Gaines concludes his novel in the 1950s when Jane is preparing to attend a civil rights rally. The book ends before Jane makes the quiet, defiant gesture that ends the celebrated 1974 made-for-television adaptation, which stars Cicely Tyson in an Emmy-winning performance. The book's ending provides a suggestion that Jane will take a stand of some sort, but leaves it to the reader to imagine what she might do. The uncertainty Gaines crafts is elegant because he's told us enough about Jane that we trust she will do something simple and bold and inspiring.

Gaines tells Jane's stories with confidence and skill. None of his phrases rings false, and each of his words sounds like it could have been spoken by a woman unbowed by either age or the hatreds she has endured. Here he has Jane recalling what Ned, the young man whose mother was killed, said about the need for people of African descent to work together:

" 'I wish I could stand here and tell y'all our African people fought the white man. And there was war and war and war. But that's not true. Our people fought each other, and the white man bought the captives for a barrel of rum and a string of beads. I'm telling y'all this,' he said, 'to show y'all the only way you can be strong is stand together. The white man never would have brought us here if we was together. He never would have separated a nation. But little tribes beat each other, and all the white man had to do was wait.' "

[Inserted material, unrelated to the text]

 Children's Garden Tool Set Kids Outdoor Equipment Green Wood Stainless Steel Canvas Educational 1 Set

Later Jane says that God sends such heroes as boxer Joe Louis and baseball player Jackie Robinson to lift the spirits of oppressed people. She suggests that both Louis' loss to Max Schmeling and his subsequent first-round knockout of Schmeling were part of a divine plan:

When times get really hard, really tough, He send always send you somebody. In the Depression it was tough on everybody, but twice as hard on the colored, and He sent us Joe. Joe was to lift the colored people's heart. Of course S'mellin' beat him the first time. But that was just to teach us a lesson. To show us Joe was just a man, not a superman. And to show us we could take just a little bit more hardship than we thought we could take at first. Now the second fight was different. We prayed and prayed, and He heard our prayers, and at the same time He wanted to punish them for thinking they was something super. I heard every lick of that fight on the radio, and what Joe didn't put on S'mellin' that night just couldn't go on a man. You could look a week and you could still see the n-ggers* grinning about that fight.

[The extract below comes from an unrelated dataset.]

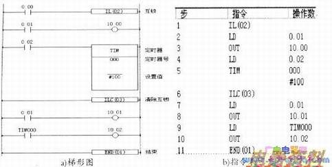 在下图中,当触点0.00闭合时,IL有效,若此时触点0,01、0.02闭合,则输出线圈10.00得电,定时器线圈TIMOOO得电,lOs后触点TIMOOO闭合,线圈10.02得电。当触点0.00断开时,IL指令无效,若此时,触点0.01、0.02闭合,线圈10,00、TIMOOO均无法得电,输出继电器10.00无输出,定时器TIMOOO也不计时,当然,线圈10.02在1Os后也不会得电。因线圈10.01在ILC指令之后,不受互锁指令IL的影响,当触点0.01闭合时,它仍然会得电。

The novel's fictional editor is left regretting that he did not get more of Jane's stories down on tape before she died eight months after their last conversation. The reader shares that regret. Jane is fascinating and knowing more about her would be a treat. Gaines has won acclaim for his subsequent novels -- including the intriguing A Gathering of Old Men and the powerful A Lesson Before Dying, which won the National Book Critics Circle Award in 1993 -- and he would undoubtedly win acclaim if he chose to write a second volume. Jane deserves more. In the tough life that she led with quiet grace and unfailing compassion, she earned it.

__________


* Jane, of course, did not leave out any letters because she was not limited by Epinions' unsophisticated censoring program.